IN a report, CardinalStone, a multi-asset investment bank, predicted that the fixed income market will stay gloomy in the coming month. According to the research, the average rates on Federal Government bonds and Nigerian Treasury Bills (NTBs) climbed by 42 and 97 basis points, respectively, in April.

According to the company, this occurred after cumulative maturities shrank by 8.1 percent month over month, reducing liquidity in the financial sector. Analysts say as a result, money market rates increased by around 145 basis points to an average of 8.0 percent in the month under review.

CardinalStone also noted that the April bond auction, in which the Debt Management Office (DMO) allotted N349 billion – 1.55x the tendered amount – showed signs of more aggressive borrowing. Demand was somewhat weak due to the weaker liquidity, with the bid-cover ratio hitting a four-month low of 1.82x, according to CardinalStone.

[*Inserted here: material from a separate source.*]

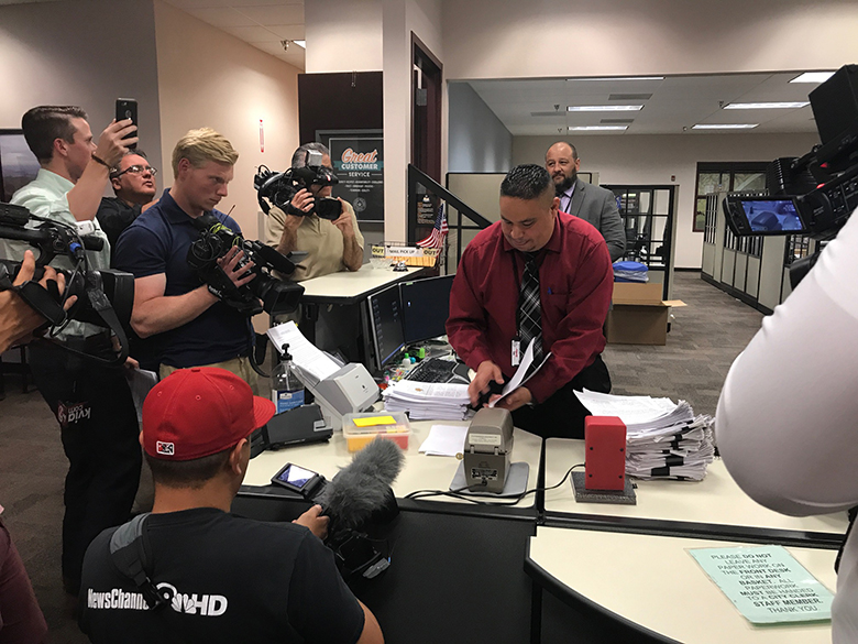 All the major local media, with the exception of one newspaper, covered the submission of the petition to the City Clerk and the press conference which followed . We guess the El Paso Times forgot the address of their former headquarters! It has become clear to us that the Times, as of late, is deliberately minimizing the reporting on this critical issue while their competitors are keeping the sports arena controversy front and center. Apparently the return of “Fluffy” the comedian to the Haskins center, our other arena, deserves more attention…

According to the firm, the auction could have closed higher if not for the 37.0 percent allotments to non-competitive bidders, which were at the top of the bid range at 14.0 percent. The NTB market traded on a dull note, according to CardinalStone, as the bid-ask spread disparity remained prevalent.

In April, only a few trades were completed in the secondary market, with NTB auctions being more active.

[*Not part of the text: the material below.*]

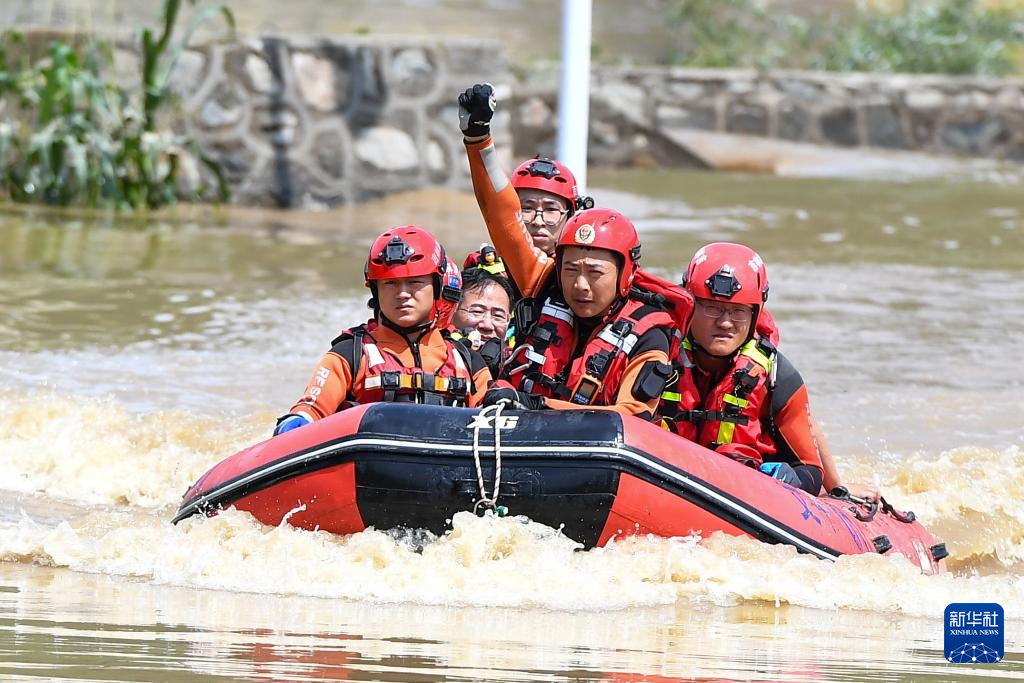 7月29日,在吉林省临江市,临江市消防救援大队世纪大街站副站长白云天(右二)在转运受困群众时,用手势指挥队员操控船只。

“In our view, the hush trading activity levels and bearish sentiment can partly be explained by the widespread, which continues to drive a rotation into corporate issuances and placements, both of which currently trade at premiums of between about 300 and 350 basis points over the one-year secondary market NTB yield of 4.76%”.

In May, Cardinalstone predicts that the bearish trend will continue. It predicted that higher borrowing costs and tighter liquidity would continue to drive market activity in the short term.

“Our position on the former is supported by the senate’s recent approval of an additional N1.0 trillion for PMS subsidy, which could translate to higher-than-expected domestic borrowings given the tightening global financing conditions.

“On the latter, a 14.5% decline in cumulative maturities will likely pressure banks’ liquidity position and drive placement rates higher”, the multi-asset firm stated. Elsewhere, market watchers are likely to be keen on May’s MPC meeting with inflation ticking upwards and monetary tightening intensifying across global markets.

CardinalStone also revealed that participants in the Central Bank of Nigeria (CBN) discount window changed their disposition as a result of liquidity moderation in the financial sector. Analysts also noticed that banks flipped from being net depositors to net borrowers in April.

According to the company, lower system liquidity and the government’s more aggressive borrowing plan, might fuel adverse sentiment in the Nigerian fixed-income market.